[Records drawn from a dataset]
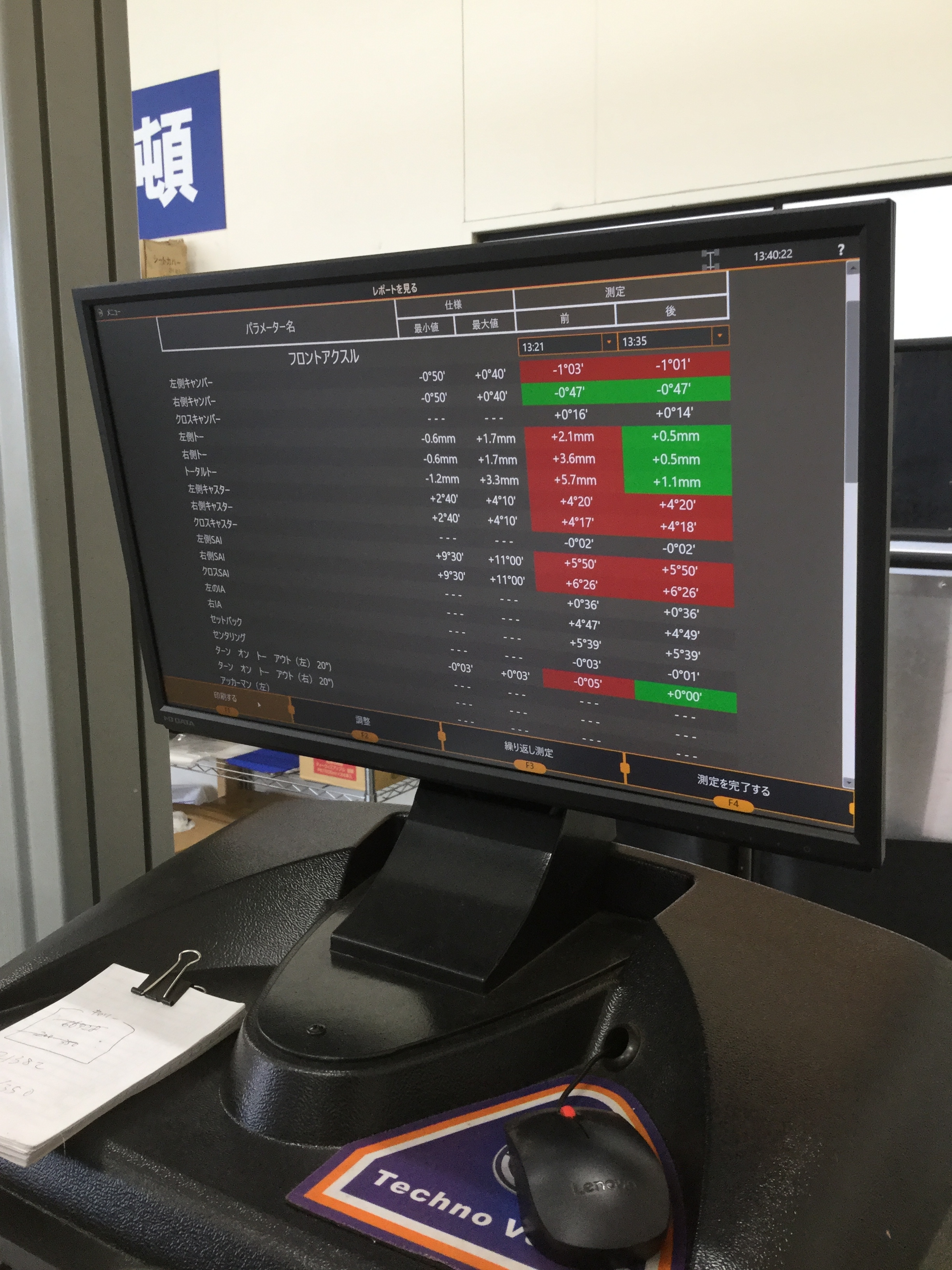 さて、測定をしてみるとフロントのトー角が左右ともに
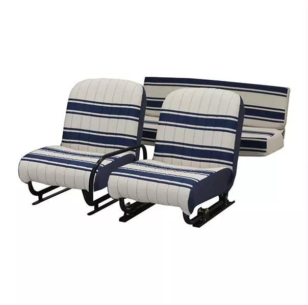 Set van 3 Méhari-stoelen (rechterstoel kan worden neergeklapt) – wit/blauw
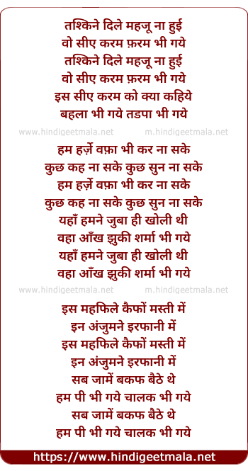 Lyrics of Taskeene Dile Mehzu Na Hui - तश्किने दिले महजू ना हुई
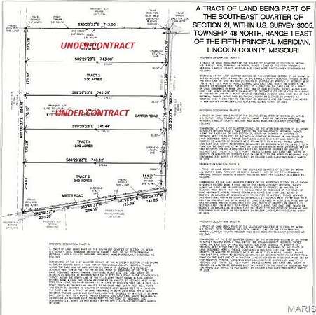 Discover the perfect site for your custom home in this exclusive new 5-lot development in Southern Lincoln County with no HOA. Perfectly situated at the corner of Mette Rd and Carter Rd in Moscow Mills, just a few minutes from the Hwy 40/61 "U" exit for an effortless commute. Choose from (4) 3+/- acre tracts offered at $150,000 or secure the premier 3.5+/- acre corner lot for $175,000. Enjoy a peaceful, rural setting with modern convenience. Each lot will have its own driveway off of Carter Rd. Corner lot #5 could have a driveway off of Mette Rd or Carter Rd. Building Requirements: No modular homes allowed. Minimum 1,400 sq. ft. for ranch/single-level and 2,200 sq. ft. for 2-story builds. Utilities: Cuivre River Electric is available; Gateway Fiber is available for internet, private well and septic required. This listing price reflects lot #2, 3+/- acre lot. Bring your own builder and start planning your dream estate today!
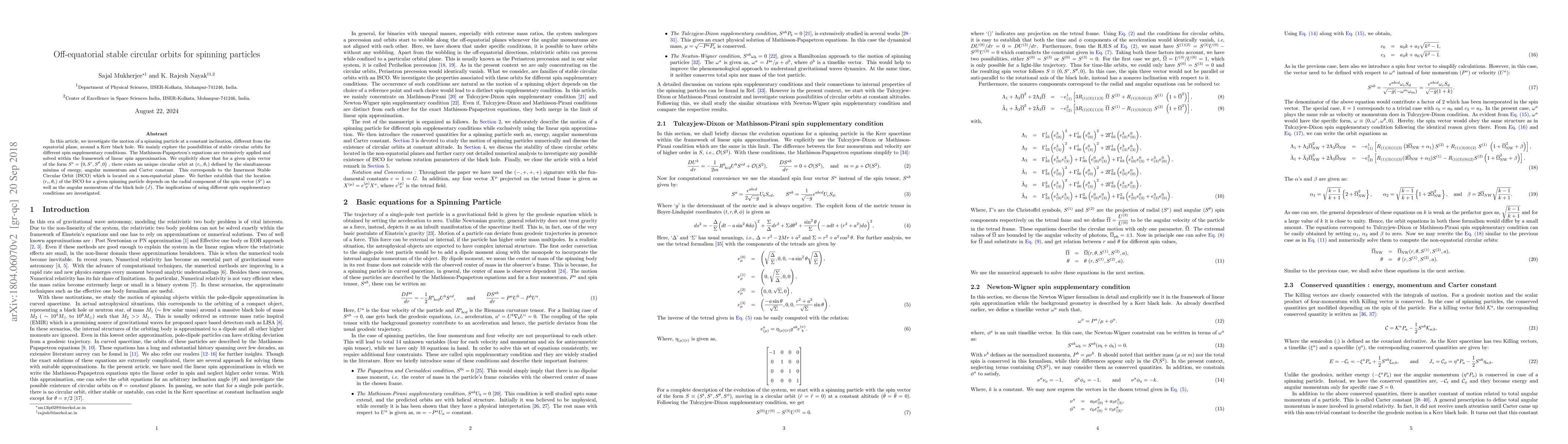 In this article, we investigate the motion of a spinning particle at a constant inclination, different from the equatorial plane, around a Kerr black hole. We mainly explore the possibilities of stable circular orbits for different spin supplementary conditions. The Mathission-Papapetrau's equations are extensively applied and solved within the framework of linear spin approximation. We explicitly show that for a given spin vector of the form $S^{a} = \left(0,S^r,S^{\theta},0\right)$ , there exists an unique circular orbit at $(r_c,\theta_c)$ defined by the simultaneous minima of energy, angular momentum and Carter constant. This corresponds to the Innermost Stable Circular Orbit (ISCO) which is located on a non-equatorial plane. We further establish that the location ($r_c,\theta_c$) of the ISCO for a given spinning particle depends on the radial component of the spin vector ($S^r$) as well as the angular momentum of the black hole ($J$). The implications of using different spin supplementary conditions are investigated.
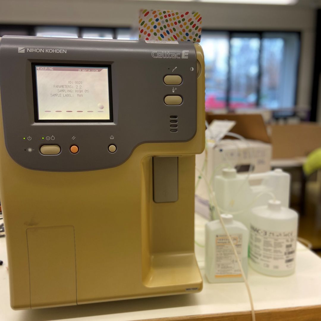 Ein Blutanalysegerät misst relevante Blutwerte, unter anderem die Anzahl von weißen und roten Blutkörperchen sowie die Anzahl von Hämoglobin und Blutplättchen.

◆ Work item:
Transcribe the records above exactly as they appear, leaving out any pictures.

◆ Answer to the problem:
 さて、測定をしてみるとフロントのトー角が左右ともに
 Set van 3 Méhari-stoelen (rechterstoel kan worden neergeklapt) – wit/blauw
 Lyrics of Taskeene Dile Mehzu Na Hui - तश्किने दिले महजू ना हुई
 Discover the perfect site for your custom home in this exclusive new 5-lot development in Southern Lincoln County with no HOA. Perfectly situated at the corner of Mette Rd and Carter Rd in Moscow Mills, just a few minutes from the Hwy 40/61 "U" exit for an effortless commute. Choose from (4) 3+/- acre tracts offered at $150,000 or secure the premier 3.5+/- acre corner lot for $175,000. Enjoy a peaceful, rural setting with modern convenience. Each lot will have its own driveway off of Carter Rd. Corner lot #5 could have a driveway off of Mette Rd or Carter Rd. Building Requirements: No modular homes allowed. Minimum 1,400 sq. ft. for ranch/single-level and 2,200 sq. ft. for 2-story builds. Utilities: Cuivre River Electric is available; Gateway Fiber is available for internet, private well and septic required. This listing price reflects lot #2, 3+/- acre lot. Bring your own builder and start planning your dream estate today!
 In this article, we investigate the motion of a spinning particle at a constant inclination, different from the equatorial plane, around a Kerr black hole. We mainly explore the possibilities of stable circular orbits for different spin supplementary conditions. The Mathission-Papapetrau's equations are extensively applied and solved within the framework of linear spin approximation. We explicitly show that for a given spin vector of the form $S^{a} = \left(0,S^r,S^{\theta},0\right)$ , there exists an unique circular orbit at $(r_c,\theta_c)$ defined by the simultaneous minima of energy, angular momentum and Carter constant. This corresponds to the Innermost Stable Circular Orbit (ISCO) which is located on a non-equatorial plane. We further establish that the location ($r_c,\theta_c$) of the ISCO for a given spinning particle depends on the radial component of the spin vector ($S^r$) as well as the angular momentum of the black hole ($J$). The implications of using different spin supplementary conditions are investigated.
 Ein Blutanalysegerät misst relevante Blutwerte, unter anderem die Anzahl von weißen und roten Blutkörperchen sowie die Anzahl von Hämoglobin und Blutplättchen.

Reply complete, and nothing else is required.